3. Dağdaki teröristleri ve kamuya girmesi kesinlikle mümkün olmayan kişileri işe almadık diyemedi. Bunların hepsi İBB’ye alındı.
*Bizim kabahatimiz ne, 9 Aralık 2021’de hayati yalanla malul olan Özgür Özel, bana bir sataşmada bulundu. İstihbarat elimizde olduğu için soruşturma izni verdik ve başladı.
*Sözde değer ailelerinden alınanları ‘Almadım’ dememiştir. Biz bu soruşturmayı sadece İBB’ye yapmadık, tüm belediyelerde yaptık.
“SABAH ÇOK YALAN DİNLEDİNİZ”
*Toplam soruşturulan dönemde 25 bin kişi işe alındı. 1668 kişi soruşturuldu. Bunn 1163 kişi için irtibatı ve iltisakı var ama belediyede işe girmeye engel olmadığı için incelemeye alınmadı. 505 kişinin tamamı kendi döneminde alınmış ve kayıtları görev yapmasına engeldir. 21 kişi daha ayrıldı.
*Sabah çok yalan dinlediniz. Hiçbir yerinde işe almadık diye cümle kurmadı. Sözde değer ailelerinden, KHK’lılardan alındı mı alındı.
*Geçen yıl o tarihten itibaren 1 yıl süren soruşturma yaptık. Bu soruşturmayı 8 kişilik müfettiş heyetiyle yaptık.
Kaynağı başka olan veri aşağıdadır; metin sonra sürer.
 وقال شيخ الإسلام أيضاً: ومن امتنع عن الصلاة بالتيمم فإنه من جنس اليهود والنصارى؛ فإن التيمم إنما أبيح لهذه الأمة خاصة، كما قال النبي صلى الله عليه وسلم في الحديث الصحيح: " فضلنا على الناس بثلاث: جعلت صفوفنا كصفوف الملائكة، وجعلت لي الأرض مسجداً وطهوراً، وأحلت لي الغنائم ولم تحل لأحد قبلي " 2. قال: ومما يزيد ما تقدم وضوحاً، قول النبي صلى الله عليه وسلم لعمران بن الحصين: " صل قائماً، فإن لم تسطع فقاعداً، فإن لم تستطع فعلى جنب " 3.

“YETKİMİZ OLSA BİZ ATARDIK”
*Atma yetkimiz olsa biz atardık. Bu kişileri alırken referansınız nelerdi? Hangi yetenekleri dolayısıyla aldınız, bunları kim önerdi. CV bile istemediniz mi?
*AYM kararını öne sürüyorlar, AYM kararı sonrası biz eleman almadık mı? Devletin kendine ait mekanizması vardır. Süreci araştırmak bizim sorumluluğumuzdu.
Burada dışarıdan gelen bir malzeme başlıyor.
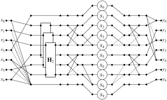 Figure 6 shows a data flow graph of the synthesized algorithm for seven-point DST-II. As can be seen, we are able to reduce the number of multiplication operations from 46 to 10 and the number of addition operations from 39 to 37.
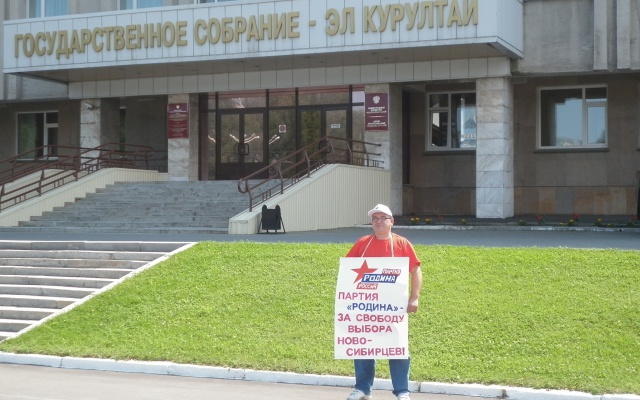 5 августа 2015 года в городе Горно-Алтайске партия "РОДИНА" провела одиночный пикет у избирательной комиссии Республики Алтай с лозунгом "Партия "РОДИНА" – за свободу выбора новосибирцев!" Пикет проводился в рамках всероссийской акции "Улица – за партию "РОДИНА"!

*’Benden önceki dönemde de vardı’ diyor. Bu soruşturma 1.1.2019’dan itibaren 3 yıl yapıldı. 1668 kişinin 191’i Mevlüt Uysal, 50 kişi de İstanbul Valisi döneminde alınmış. Bunların 191 ve 50 kişisi tamamen incelenmiş, işe girme engeli olmadığı görülmüş.
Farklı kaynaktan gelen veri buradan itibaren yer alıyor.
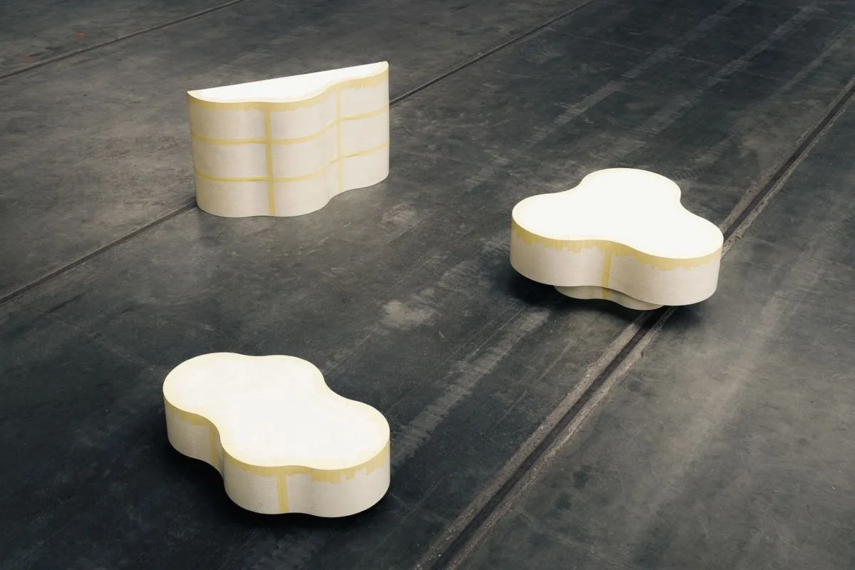 The second interpretation by Lab La Bla is based on an analysis of the production process behind the Flower table, exploring what new design languages can be hidden in a well-proven and specialized process. The tables have been turned, mirrored, extended, and stacked on top of each other – thus interpreted in a completely new design. This shape-shift can be seen as a dialogue between material, shape, and process, where the molded ash wood and the lacquered masking tape create a sketch-like condition.

*İmamoğlu döneminde 920 kişinin istihbarı kayıtları görülmüş ama onların da işe girmeye engel durumu olmadığı görülmüş.
*İBB’nin yasladığı 505 kişiyi güya yanındaki 3-5 aklıevvelin söylediği sözlere dayanak olarak ‘Ben aldım, benden öncekiler de yaptılar’ demek aymazlıktır. Terinizi silebilirsiniz ama yüzünüzün karalığını silemezsiniz.
*505 kişinin işe girmesinde engel vardır. Kendi suçunu örtbas etmek için belediye çalışanlarını kalkan yapmak ayıptır. Bu dosyalar sizden istendi.
*İmamoğlu, ‘gökkubbeyi başınıza yıkarım’ diyerek yargıyı tehdit etti. Ama sonra ‘Ben bu lafı yargıya değil, Süleyman Soylu’ya söyledim’ diyebilir.
*Bizim terörle mücadelemiz hoşuna gitmiyor, bizi beğenmiyor olabilir. Bizi Cumhurbaşkanımıza, partimize şikayet ediyor.
*Kendi üzerine vazife olmayan her şeyi yapıyor ama bir tek kendi işini yapmıyor. Ben güvenlik sorunuyum ama PKK için güvenlik sorunuyum.